Activity: Copy word for word the lines in the records below, starting at the line with "Japonský Nikkei zpevnil" and ending at the line with "我 第一套百科全书全12册自". Skip the pictures.

Data shown:
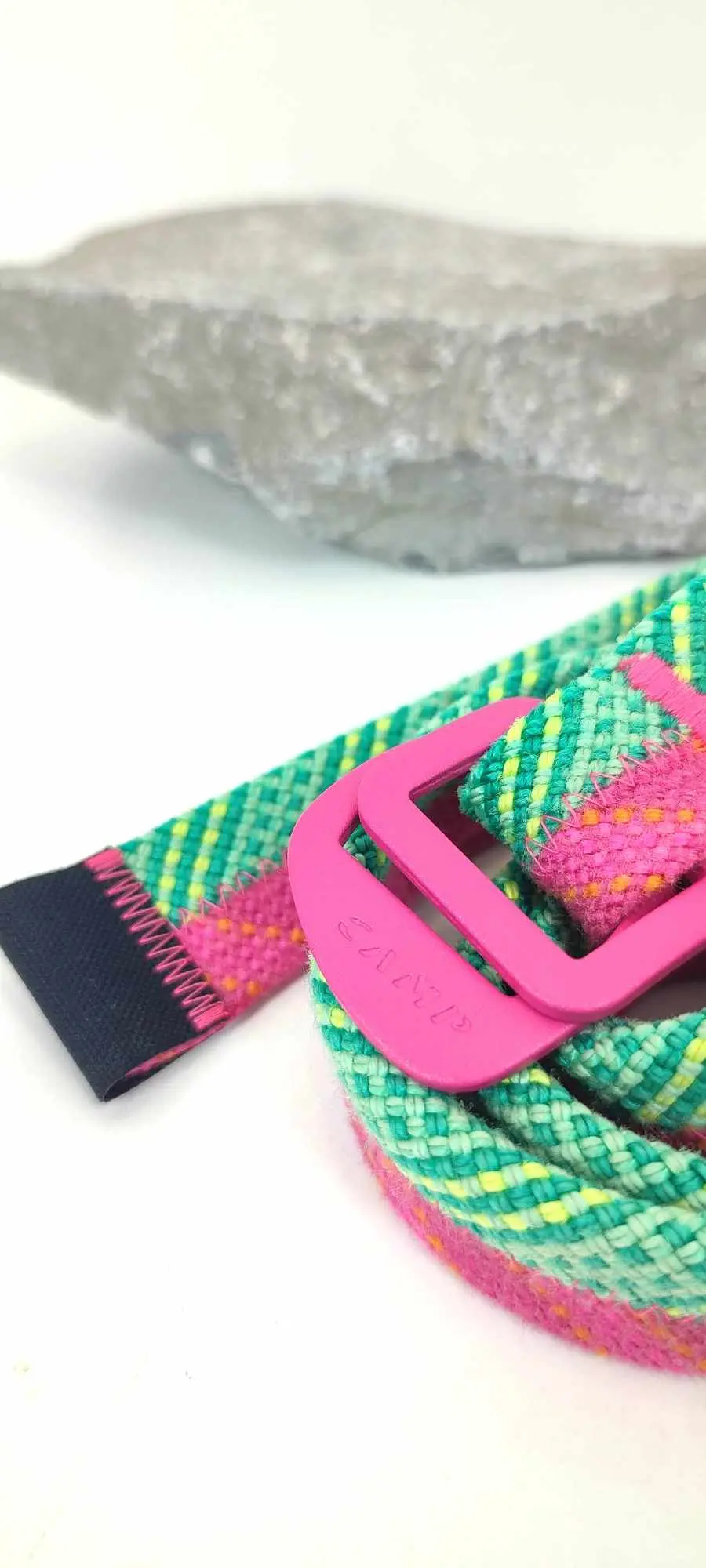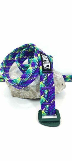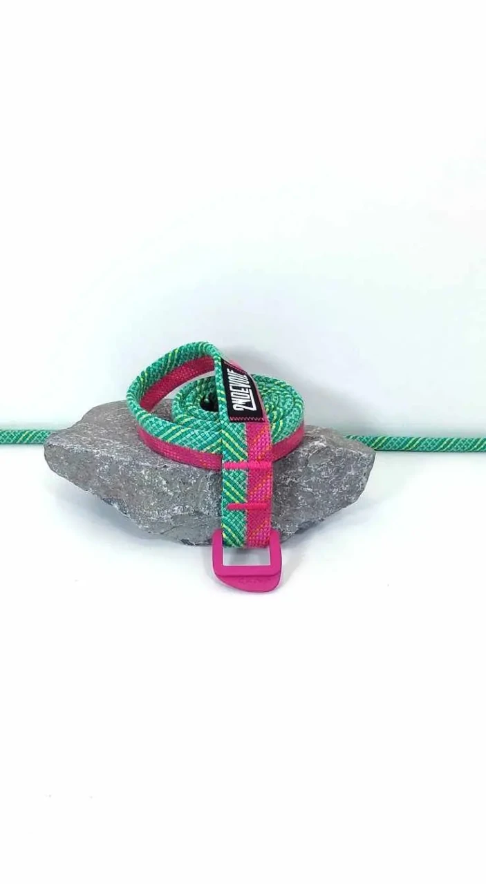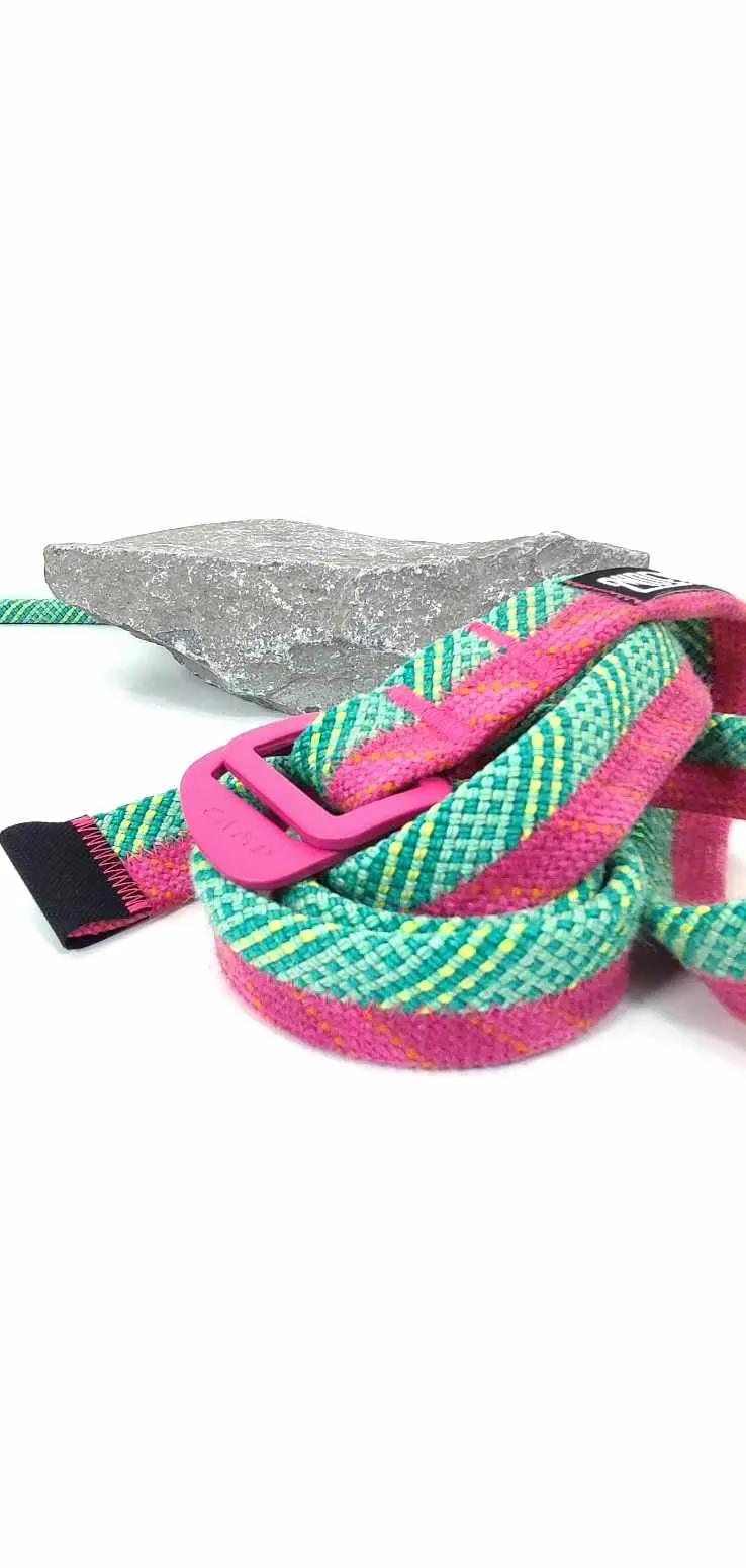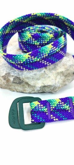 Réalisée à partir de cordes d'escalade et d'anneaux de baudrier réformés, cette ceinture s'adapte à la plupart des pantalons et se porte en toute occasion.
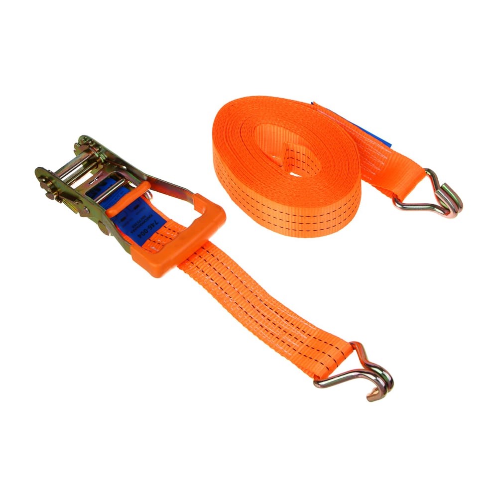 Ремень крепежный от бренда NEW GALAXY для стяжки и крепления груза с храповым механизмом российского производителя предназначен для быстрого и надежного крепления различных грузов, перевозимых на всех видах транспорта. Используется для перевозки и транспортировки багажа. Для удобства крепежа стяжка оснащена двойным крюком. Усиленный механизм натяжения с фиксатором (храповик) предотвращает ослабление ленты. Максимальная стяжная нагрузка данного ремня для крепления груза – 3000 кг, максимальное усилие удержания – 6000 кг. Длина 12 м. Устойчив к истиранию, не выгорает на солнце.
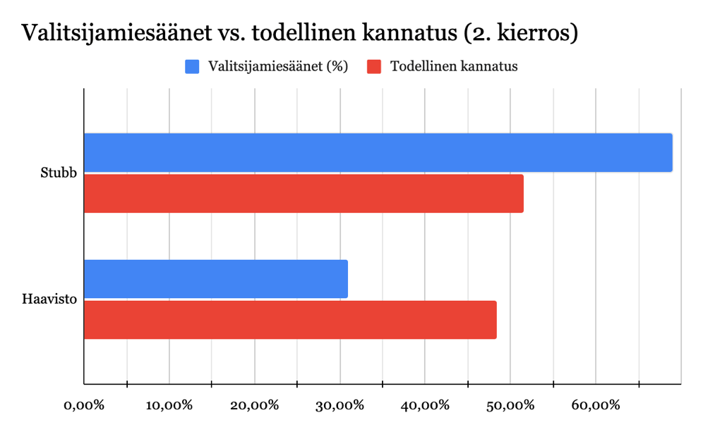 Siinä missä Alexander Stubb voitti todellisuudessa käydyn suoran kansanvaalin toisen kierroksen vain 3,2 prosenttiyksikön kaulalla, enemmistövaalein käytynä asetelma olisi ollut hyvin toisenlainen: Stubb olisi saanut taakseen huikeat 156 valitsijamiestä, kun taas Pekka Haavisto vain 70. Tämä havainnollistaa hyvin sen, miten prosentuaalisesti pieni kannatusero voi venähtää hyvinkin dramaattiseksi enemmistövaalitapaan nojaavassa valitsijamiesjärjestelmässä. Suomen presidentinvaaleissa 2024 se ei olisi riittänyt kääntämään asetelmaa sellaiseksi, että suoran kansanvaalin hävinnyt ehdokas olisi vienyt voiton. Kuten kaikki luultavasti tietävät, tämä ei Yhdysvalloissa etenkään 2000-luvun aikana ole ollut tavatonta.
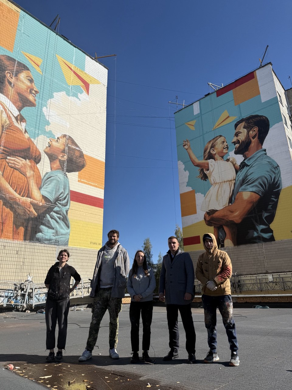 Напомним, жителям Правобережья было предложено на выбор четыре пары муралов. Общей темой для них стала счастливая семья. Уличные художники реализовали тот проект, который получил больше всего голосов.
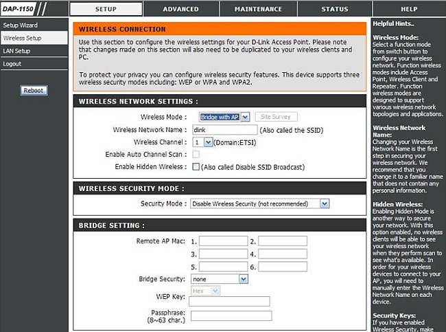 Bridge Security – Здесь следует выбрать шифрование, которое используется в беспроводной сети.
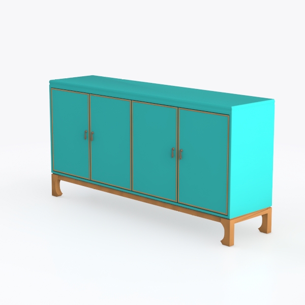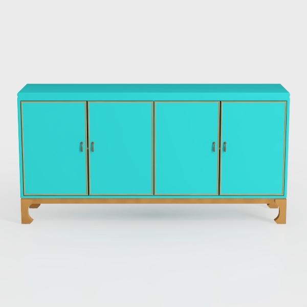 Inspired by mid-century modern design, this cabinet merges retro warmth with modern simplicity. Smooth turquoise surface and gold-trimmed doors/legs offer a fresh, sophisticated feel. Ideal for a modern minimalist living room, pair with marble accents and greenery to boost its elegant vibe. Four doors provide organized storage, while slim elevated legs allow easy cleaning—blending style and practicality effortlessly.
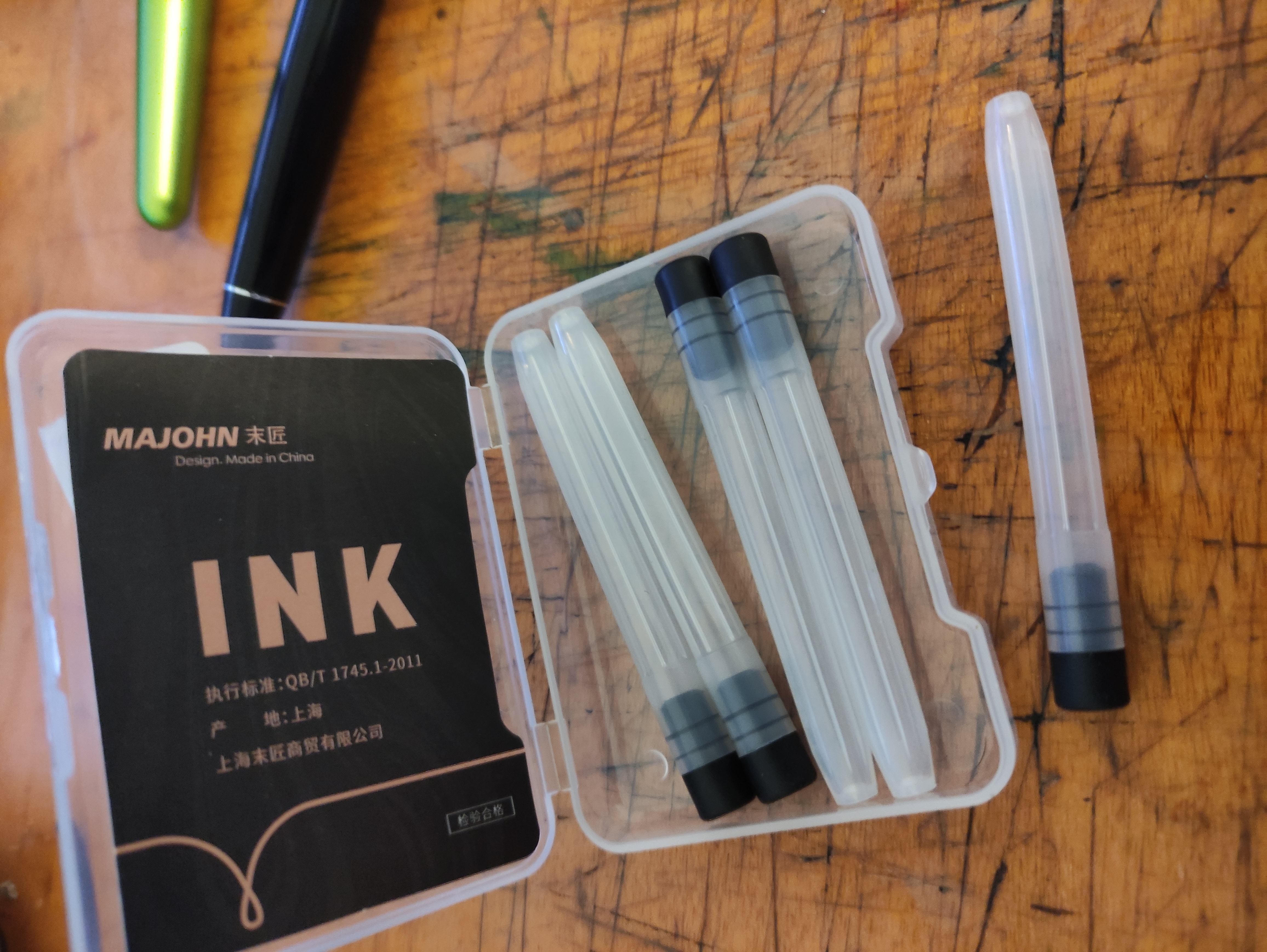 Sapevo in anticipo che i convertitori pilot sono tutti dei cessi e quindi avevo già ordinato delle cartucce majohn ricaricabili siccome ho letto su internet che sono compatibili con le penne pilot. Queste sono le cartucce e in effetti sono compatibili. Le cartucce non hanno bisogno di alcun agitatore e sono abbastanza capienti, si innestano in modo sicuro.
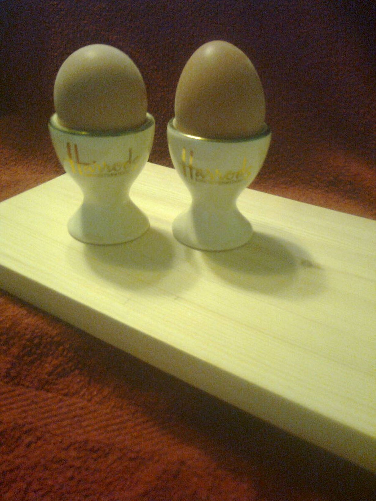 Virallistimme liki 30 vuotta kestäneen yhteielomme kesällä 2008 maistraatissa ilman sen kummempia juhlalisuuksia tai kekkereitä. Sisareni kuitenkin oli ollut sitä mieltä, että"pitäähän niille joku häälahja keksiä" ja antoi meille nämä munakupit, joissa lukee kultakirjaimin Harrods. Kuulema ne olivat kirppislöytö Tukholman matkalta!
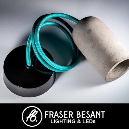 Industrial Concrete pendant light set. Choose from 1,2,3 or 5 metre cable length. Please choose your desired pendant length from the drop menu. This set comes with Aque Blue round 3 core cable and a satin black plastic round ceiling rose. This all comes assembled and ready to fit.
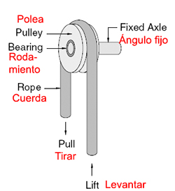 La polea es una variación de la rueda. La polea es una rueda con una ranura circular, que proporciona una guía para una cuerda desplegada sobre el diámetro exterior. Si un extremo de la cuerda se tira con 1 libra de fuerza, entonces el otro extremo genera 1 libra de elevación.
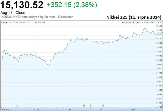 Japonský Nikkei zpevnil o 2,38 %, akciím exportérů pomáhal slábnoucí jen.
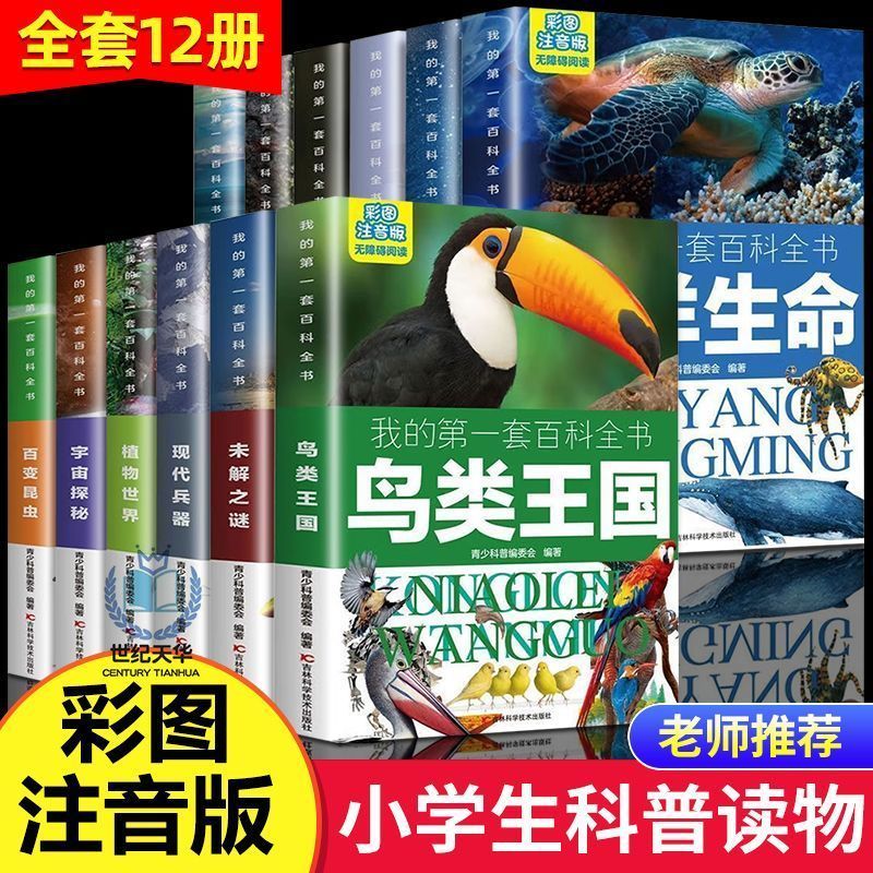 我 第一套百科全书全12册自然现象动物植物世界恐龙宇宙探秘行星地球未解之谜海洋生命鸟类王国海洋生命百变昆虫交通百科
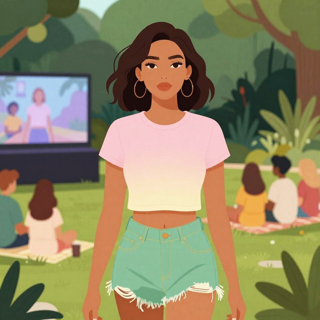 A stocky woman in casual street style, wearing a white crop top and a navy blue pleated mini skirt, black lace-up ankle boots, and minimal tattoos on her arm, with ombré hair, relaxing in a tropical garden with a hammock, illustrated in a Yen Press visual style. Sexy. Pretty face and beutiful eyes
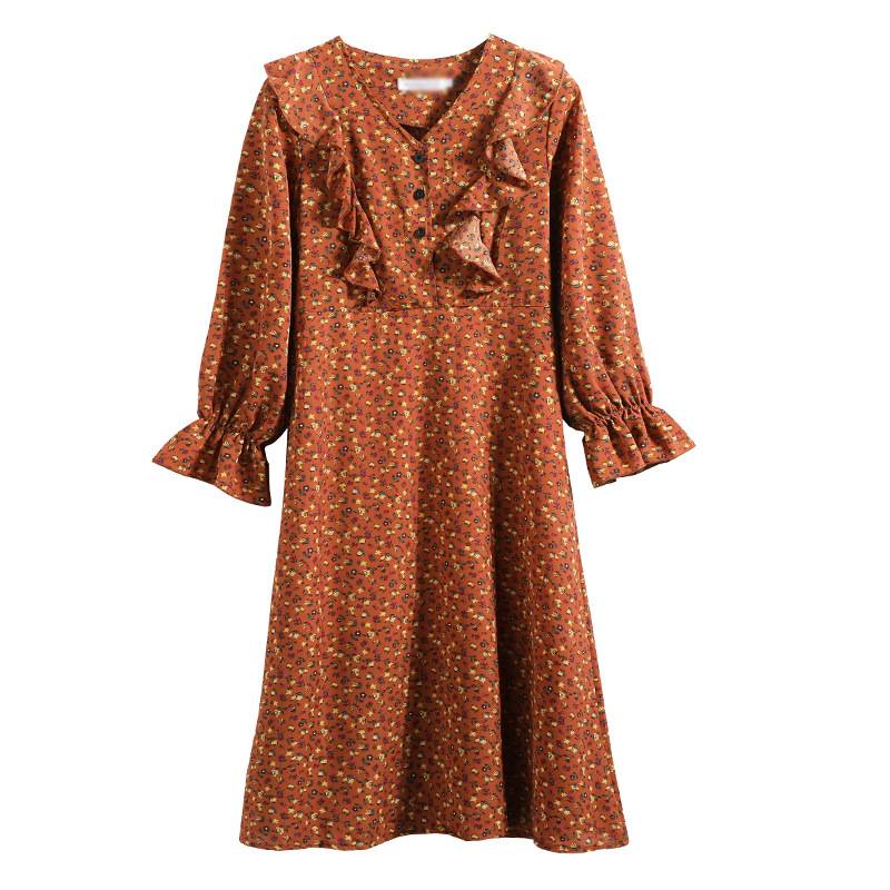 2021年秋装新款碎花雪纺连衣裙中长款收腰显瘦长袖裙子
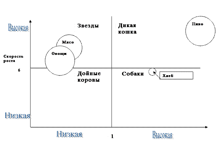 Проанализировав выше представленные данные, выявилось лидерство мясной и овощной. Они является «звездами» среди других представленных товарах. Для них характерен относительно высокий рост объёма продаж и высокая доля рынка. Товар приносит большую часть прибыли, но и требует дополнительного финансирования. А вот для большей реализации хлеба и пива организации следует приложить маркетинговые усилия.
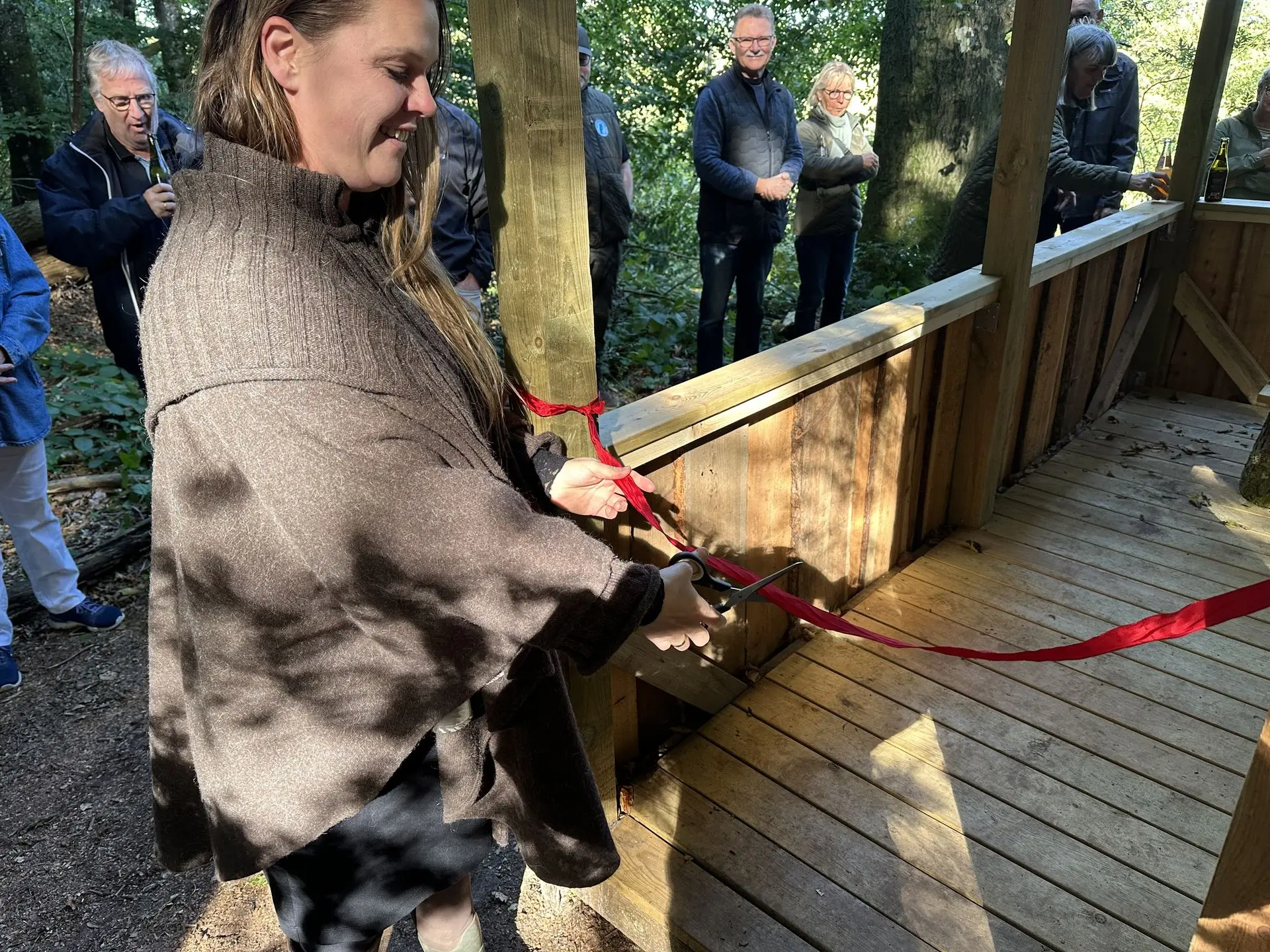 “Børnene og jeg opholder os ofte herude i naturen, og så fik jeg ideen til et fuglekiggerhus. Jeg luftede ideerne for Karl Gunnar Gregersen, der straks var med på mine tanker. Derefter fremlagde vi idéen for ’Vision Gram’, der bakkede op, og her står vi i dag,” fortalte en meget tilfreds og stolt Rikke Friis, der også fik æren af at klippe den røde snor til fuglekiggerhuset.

Solved exercise:
 Japonský Nikkei zpevnil o 2,38 %, akciím exportérů pomáhal slábnoucí jen.
 我 第一套百科全书全12册自然现象动物植物世界恐龙宇宙探秘行星地球未解之谜海洋生命鸟类王国海洋生命百变昆虫交通百科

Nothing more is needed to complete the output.